(Source data)
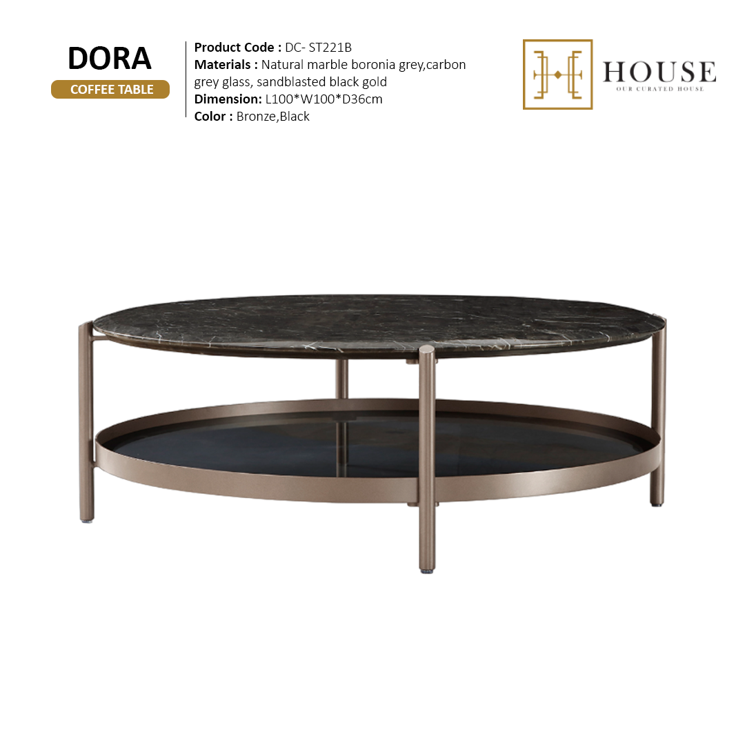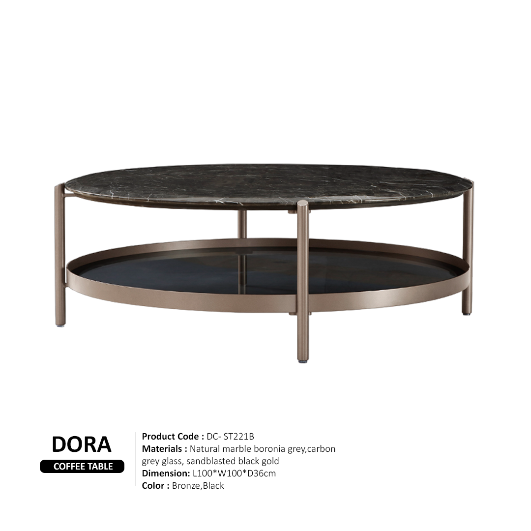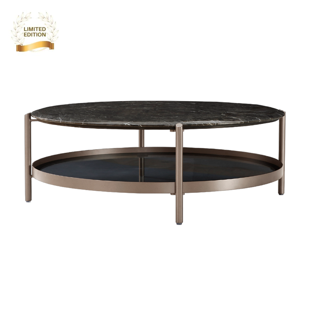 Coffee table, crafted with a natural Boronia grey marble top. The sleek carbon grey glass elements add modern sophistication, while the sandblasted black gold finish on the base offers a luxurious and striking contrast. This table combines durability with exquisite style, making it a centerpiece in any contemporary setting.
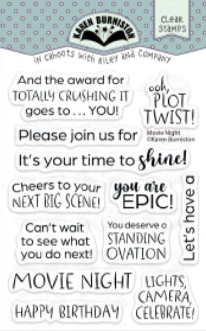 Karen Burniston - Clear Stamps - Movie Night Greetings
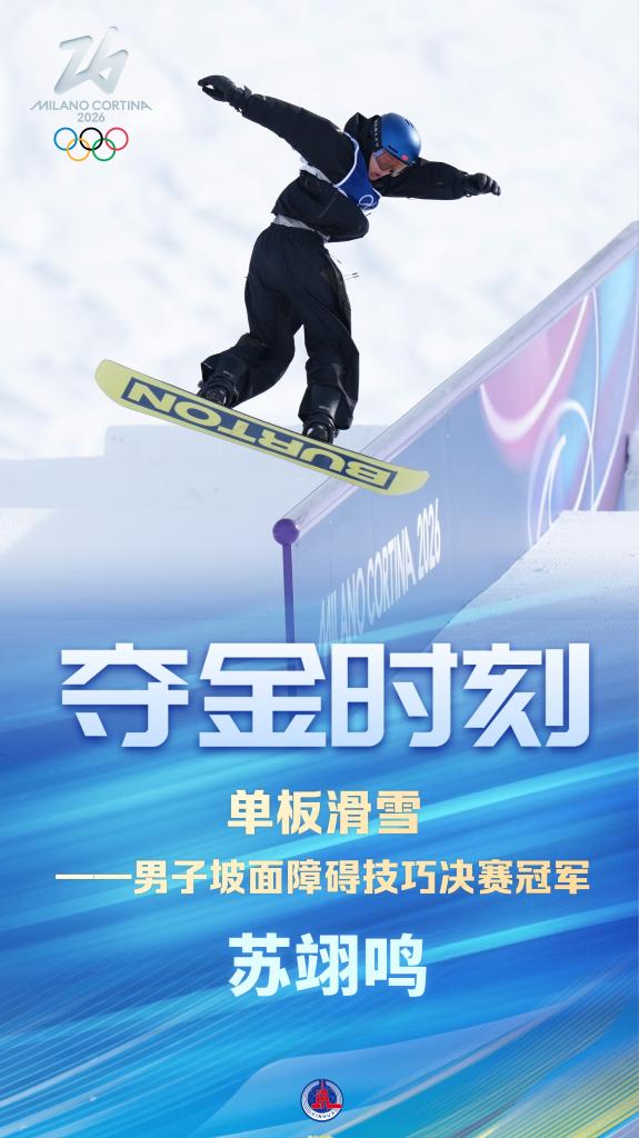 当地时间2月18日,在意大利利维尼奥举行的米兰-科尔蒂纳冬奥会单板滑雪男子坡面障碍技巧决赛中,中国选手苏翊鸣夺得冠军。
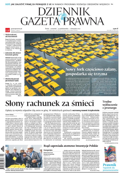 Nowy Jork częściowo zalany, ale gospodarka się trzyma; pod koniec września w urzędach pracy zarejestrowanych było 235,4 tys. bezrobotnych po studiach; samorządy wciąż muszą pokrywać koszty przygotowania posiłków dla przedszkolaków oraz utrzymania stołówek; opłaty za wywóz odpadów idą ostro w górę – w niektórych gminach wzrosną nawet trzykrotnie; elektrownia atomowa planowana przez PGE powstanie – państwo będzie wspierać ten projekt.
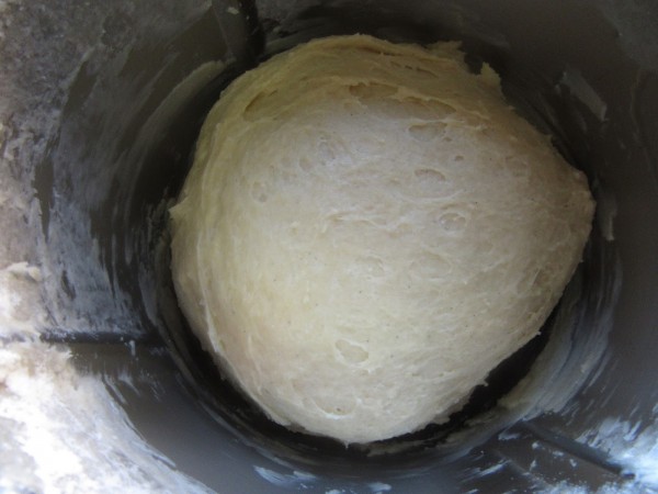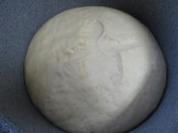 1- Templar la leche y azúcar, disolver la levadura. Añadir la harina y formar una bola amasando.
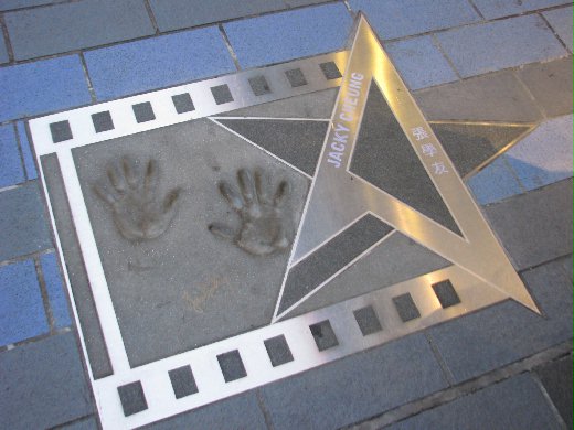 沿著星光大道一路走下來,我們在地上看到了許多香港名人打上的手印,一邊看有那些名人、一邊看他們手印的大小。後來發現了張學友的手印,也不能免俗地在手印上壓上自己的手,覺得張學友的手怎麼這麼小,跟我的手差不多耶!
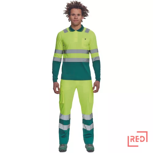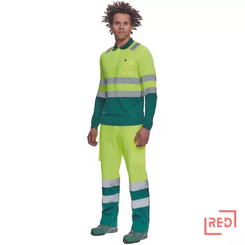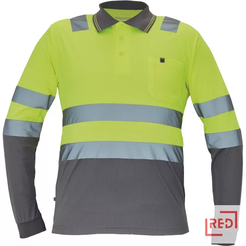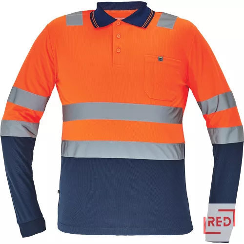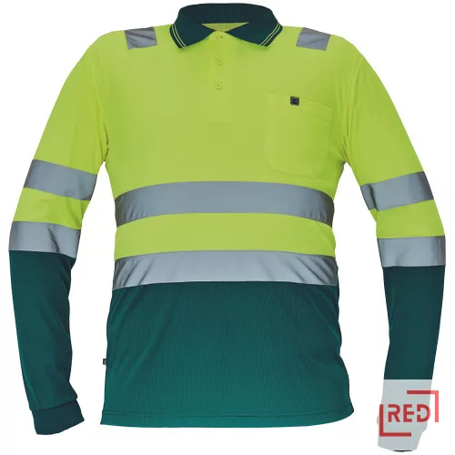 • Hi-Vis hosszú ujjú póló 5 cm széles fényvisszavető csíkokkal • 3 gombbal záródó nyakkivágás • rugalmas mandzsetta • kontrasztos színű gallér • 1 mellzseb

Work request
Set down exactly, and only, the lines from the one containing "Nowy Jork częściowo" through the last line of the entries. Pictures do not belong in the copy.

Task solution
 Nowy Jork częściowo zalany, ale gospodarka się trzyma; pod koniec września w urzędach pracy zarejestrowanych było 235,4 tys. bezrobotnych po studiach; samorządy wciąż muszą pokrywać koszty przygotowania posiłków dla przedszkolaków oraz utrzymania stołówek; opłaty za wywóz odpadów idą ostro w górę – w niektórych gminach wzrosną nawet trzykrotnie; elektrownia atomowa planowana przez PGE powstanie – państwo będzie wspierać ten projekt.
 1- Templar la leche y azúcar, disolver la levadura. Añadir la harina y formar una bola amasando.
 沿著星光大道一路走下來,我們在地上看到了許多香港名人打上的手印,一邊看有那些名人、一邊看他們手印的大小。後來發現了張學友的手印,也不能免俗地在手印上壓上自己的手,覺得張學友的手怎麼這麼小,跟我的手差不多耶!
 • Hi-Vis hosszú ujjú póló 5 cm széles fényvisszavető csíkokkal • 3 gombbal záródó nyakkivágás • rugalmas mandzsetta • kontrasztos színű gallér • 1 mellzseb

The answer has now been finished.